И ты вроде по правде думал: а вдруг... Сейчас признайся себе, что ты не прав перед собой... Потому что это «вдруг», это «может быть» еще ничего не значит, прикинуть, примеряться может всякий. А вот действовать... Ты знал, что этого не будет, только не хотел об этом думать...

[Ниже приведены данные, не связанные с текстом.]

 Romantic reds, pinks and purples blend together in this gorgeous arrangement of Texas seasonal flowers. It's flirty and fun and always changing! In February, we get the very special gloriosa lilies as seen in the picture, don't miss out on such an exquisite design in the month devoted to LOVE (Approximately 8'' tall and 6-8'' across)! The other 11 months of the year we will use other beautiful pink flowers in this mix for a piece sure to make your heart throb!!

А потом ты поехал на год в Югославию, тебя послали по обмену студентов. Ты был счастлив, несмотря даже на разлуку с Тамарой, разлуку, которую ты искренне переживал... Ты уже знал, что тут все на месте, все всегда на месте... А ты еще должен был вырваться на простор, завоевывать жизнь, использовать каждый шанс... Вперед и только вперед!

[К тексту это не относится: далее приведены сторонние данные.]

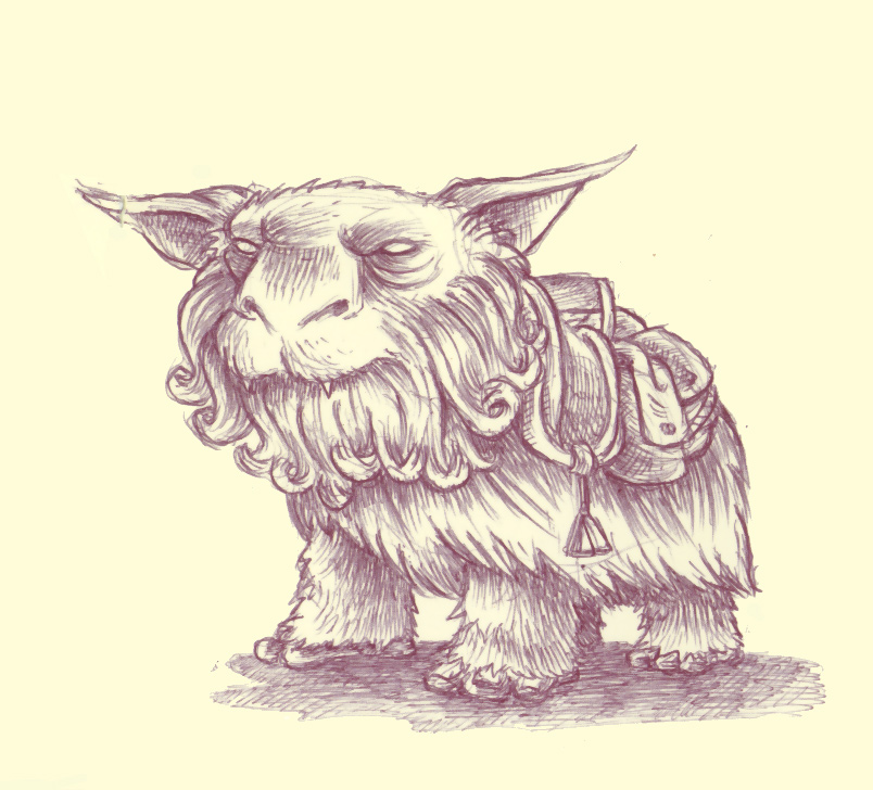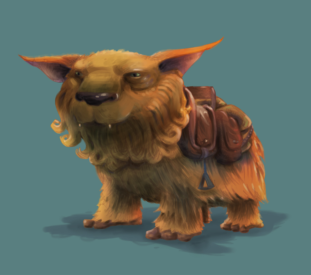 The next–and most difficult for me personally–assignment was doing a more traditional digital painting, rendering form with brushes rather than doing a detailed value drawing first and then applying layers with blending modes. I found this old ballpoint pen drawing of a fantasy battle beast/pack animal and did a painting based on that. Again, this is a version revised based on feedback from the instructor:

Дни прощанья, ночи прощанья. Горечь разлуки сразу же наполнялась ожиданием будущих путешествий, новых впечатлений, заманчивой «заграницы», будущего, манящего звездным светом...
И ты поехал...
Сейчас Максим смотрел на Дойну и думал: как мало в ней схожего с тем его прошлым и какая большая схожесть может быть у вовсе не похожих людей — людей одной расы, одной национальности, а еще больше — одного психического склада, настроенности на одну и ту же волну...

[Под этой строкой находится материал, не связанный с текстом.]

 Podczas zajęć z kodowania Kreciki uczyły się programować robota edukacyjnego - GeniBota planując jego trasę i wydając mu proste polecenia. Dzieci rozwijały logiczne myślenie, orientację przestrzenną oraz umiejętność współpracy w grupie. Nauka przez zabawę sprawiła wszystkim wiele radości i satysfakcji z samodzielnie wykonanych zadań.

От той девушки сквозь двадцать лет долетало сюда, до Дойны, лишь эхо, лишь тень или, скорее всего, отблеск, настроение, блеск очей... Не мог точно сказать что. «Нужно нарисовать ее, тогда увижу — что, нужно нарисовать...»
Но эта мысль, это желание относилось не к «сейчас», не к «нынче», — потом когда-нибудь нарисовать ее, потому что «сейчас» было более важным и необходимым для другого — для жизни.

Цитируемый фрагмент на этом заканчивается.